The difference lies in where the energy is going to be absorbed when you strike a piece of wood---say, part of a piece of fine furniture that you are building.  The collision is going to be mostly inelastic in either case.
I don't know the physics---I'm not a physicist---but my gut reaction is that the extreme force delivered by the hammer will cause a lot of stress in the wood right at the point of contact, and that the wooden surface is likely to be permanently deformed.  Part of the hammer's kinetic energy therefore will be absorbed in the damage site.
I'm guessing that with the mallet, the lesser force and the longer time interval mean that more of the hammer's energy will go into accelerating the whole piece of wood and, ultimately will be absorbed by friction in the joint that you are trying to pound closed.
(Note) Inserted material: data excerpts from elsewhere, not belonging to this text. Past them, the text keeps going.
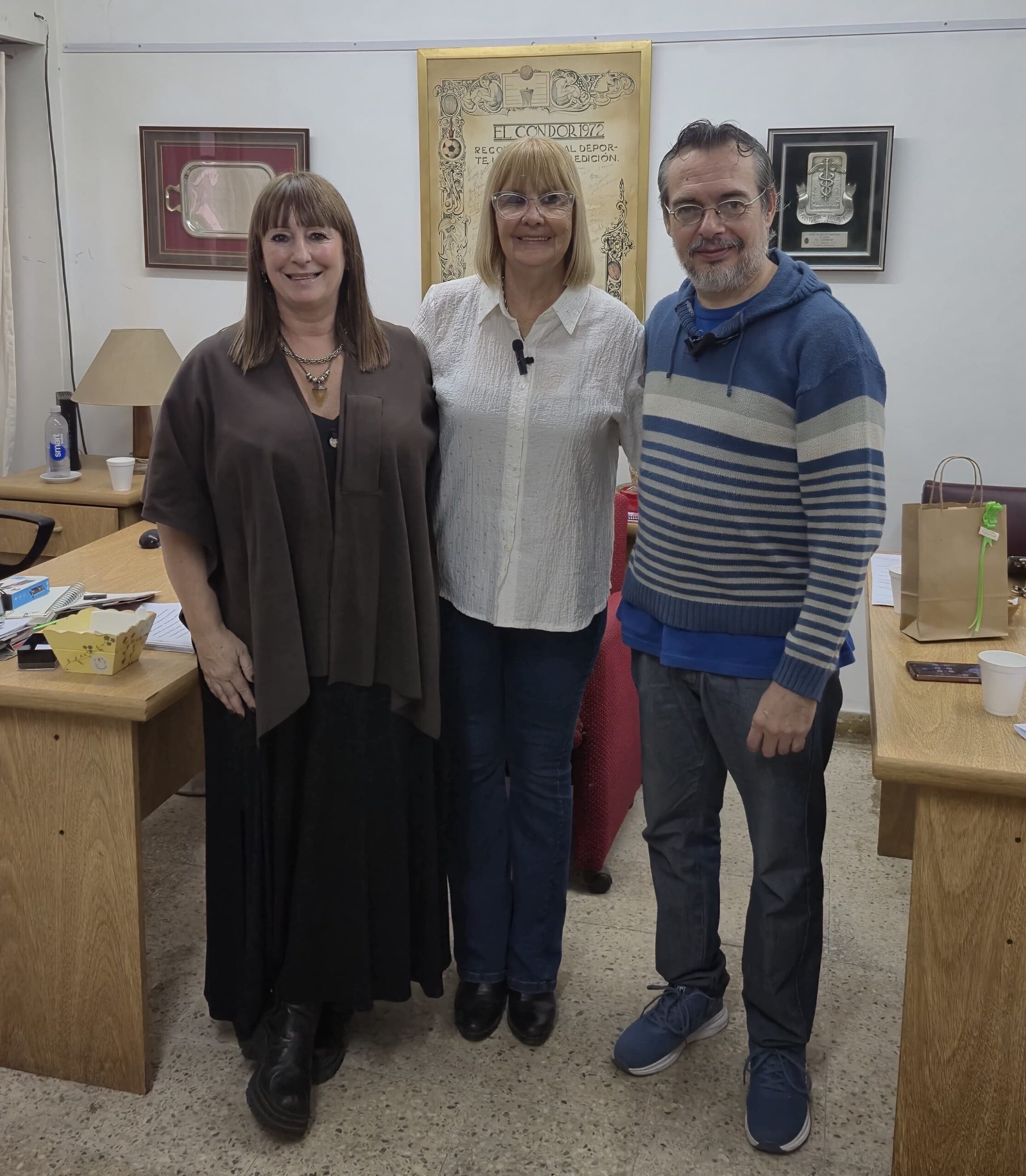 Mabel Mesa, presidenta del Consejo Escolar de Morón ( centro) junto a los periodistas Paola Mai y Gustavo Requelme
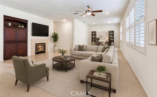 Welcome to this spacious Orangecrest home, perfectly designed for comfortable family living! Situated on a generous lot with room for a future pool, this home offers room to relax, entertain, and grow. Step inside to find fresh interior paint throughout and beautifully updated exterior trim, creating a crisp, move-in ready feel. The open-concept kitchen is the heart of the home, featuring a center island, pantry, and abundant cabinetry, all flowing seamlessly into the family room with a cozy fireplace. A sliding glass door leads to the backyard, while large windows fill the space with natural light, making the home feel bright and inviting. The flexible floor plan includes 4 bedrooms plus a large loft—perfect for a game room, office, or additional living space. Downstairs, you’ll find a full bathroom with a shower/tub combo, ideal for guests or multi-generational living, along with a convenient indoor laundry room. Upstairs, the primary suite bathroom offers a soaking tub, walk-in shower, dual sink vanities, and a spacious walk-in closet. Generously sized guest bedrooms provide comfort for everyone and a guest bathroom in the hallway with a shower / tub combination. Step outside to your expansive backyard with endless possibilities—including a charming outdoor playset, making it the perfect space for fun, relaxation, or even future pool plans. Located in a highly desirable Orangecrest neighborhood, you’ll love being within walking distance to top-rated schools, shopping, and everyday
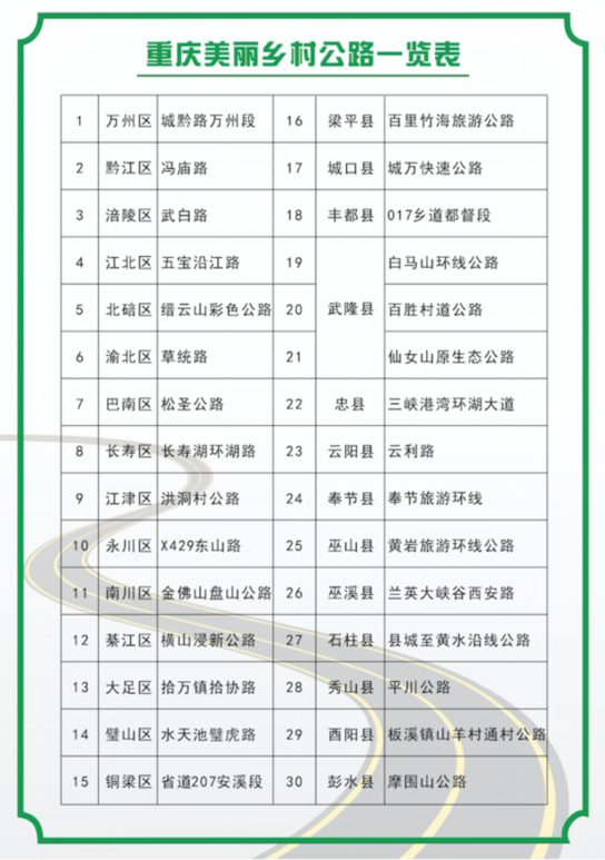 重庆美丽乡村公路一览表。重庆市地理信息中心供图 华龙网 发
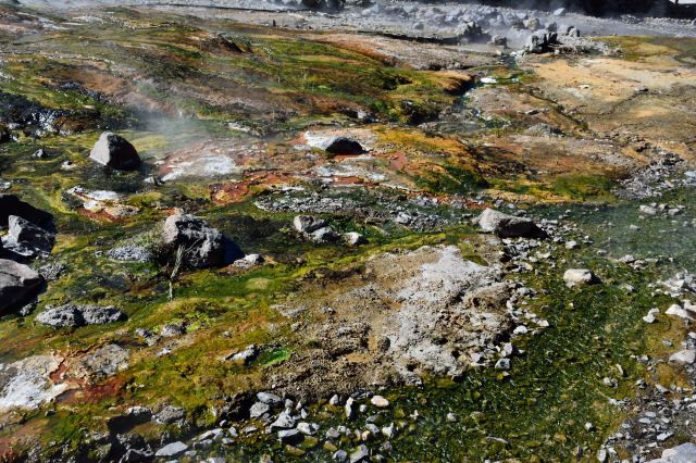 - **地质奇观**:泉眼周围硫磺结晶与蒸汽交织,形成独特景观。
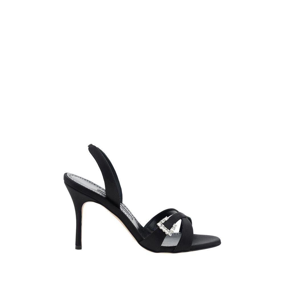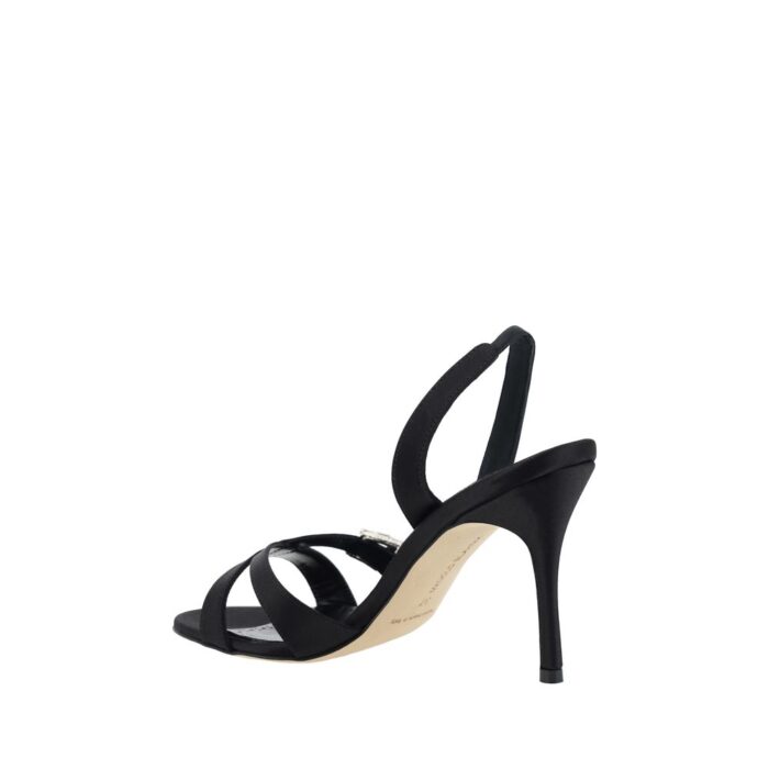 Silk Satin Ramisli Fabio Sandals by Manolo Blahnik, feature an elasticized slingback, two crisscross front straps with applique shiny plaque detail, a logo-embossed insole, and a leather stiletto heel.
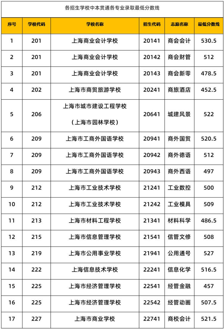 从刚刚公布的中本贯通、“五年一贯制”和中高职贯通各专业录取最低分数线来看,中本贯通录取最低分数线超过500分的,计有32个专业。
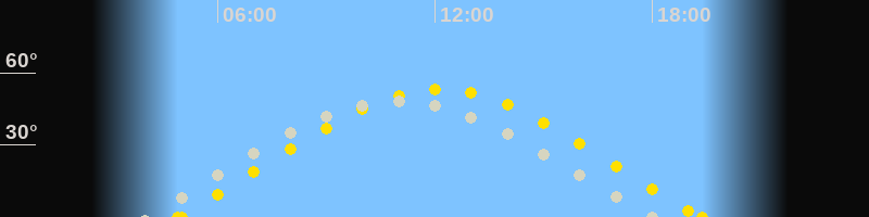 | Sonnenaufgang | 04:54 Uhr im Nordosten (αAz = 67.3°) |
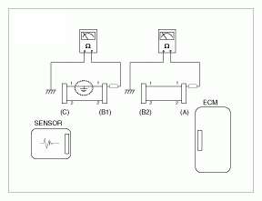 - Disconnect connector (B), and measure for resistance between connector (C) and (B1) and between (B2) and (A) as shown in [Fig 3].
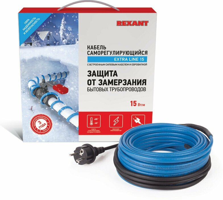 Комплект греющего кабеля REXANT 15 Вт/м с евровилкой для быстрой установки на трубу, 220 В, 15 м
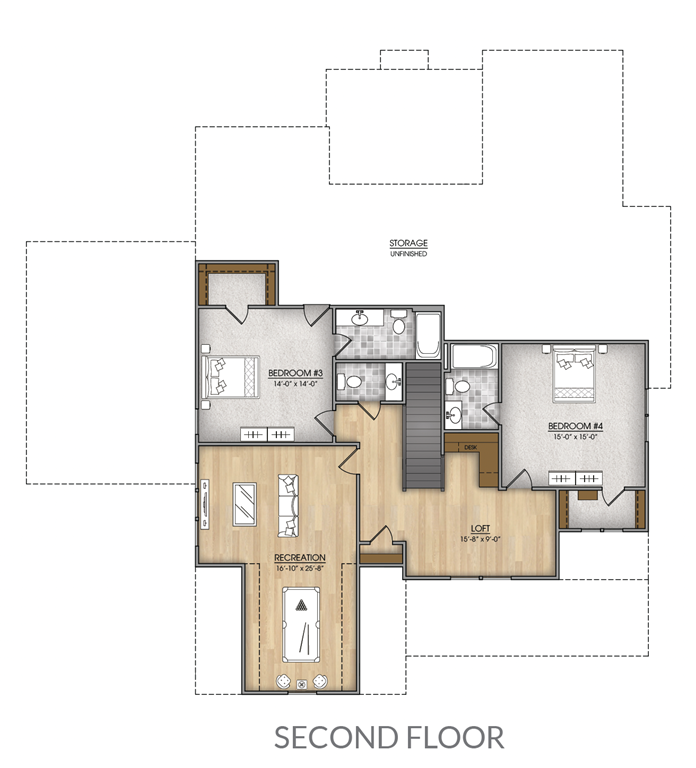 Upstairs, you’ll find two additional bedrooms, each with its own dedicated bathroom, offering ideal accommodations for family or guests. A spacious recreation room provides endless possibilities—whether it’s a media room, playroom, or home gym—while the loft adds even more versatile living space. A convenient powder room and abundant storage throughout complete the upper level.

Sorry, but I don't know how to model the situation with mathematics.  I'm thinking that there would be stress and strain tensors---way over my head.
A: The hammer can be thought as a mean to deliver enough energy to the nail to deform the underlying material and let it penetrate deeper. 
Ideally, all the energy the hammer gets from your arm as kinetic energy is transferred to the material and results in its (hopefully) permanent deformation, but as always, that's not the case in practice. 
What should be a totally anelastic collision (e.g. your hammer should stay on the nail after the impact) is instead slightly elastic: part of the kinetic energy is not used for the deformation, thus some of the hammer momentum "comes back" as a recoil. 
While in a normal hammer this remaining momentum is transferred back to the entire tool, if you fill the mallet with sand or with something which can move independently from the rest of the hammer, part of this momentum is transferred to this detached mass which thus recoils instead of your hammer, leaving less momentum for the bouncing of the rest of the tool.
The principle is the same used in large cannons: the barrel is detached from the rest of the weapon to let it recoil without displacing the whole cannon. 
Another way you can figure it: take a plastic bottle full of sand (but water should work as well) and drop it, you'll see that the bouncing is heavily dampened by the recoiling of its contents, that you should see going around and markedly "jump" notwithstanding the movement of the bottle which contains them.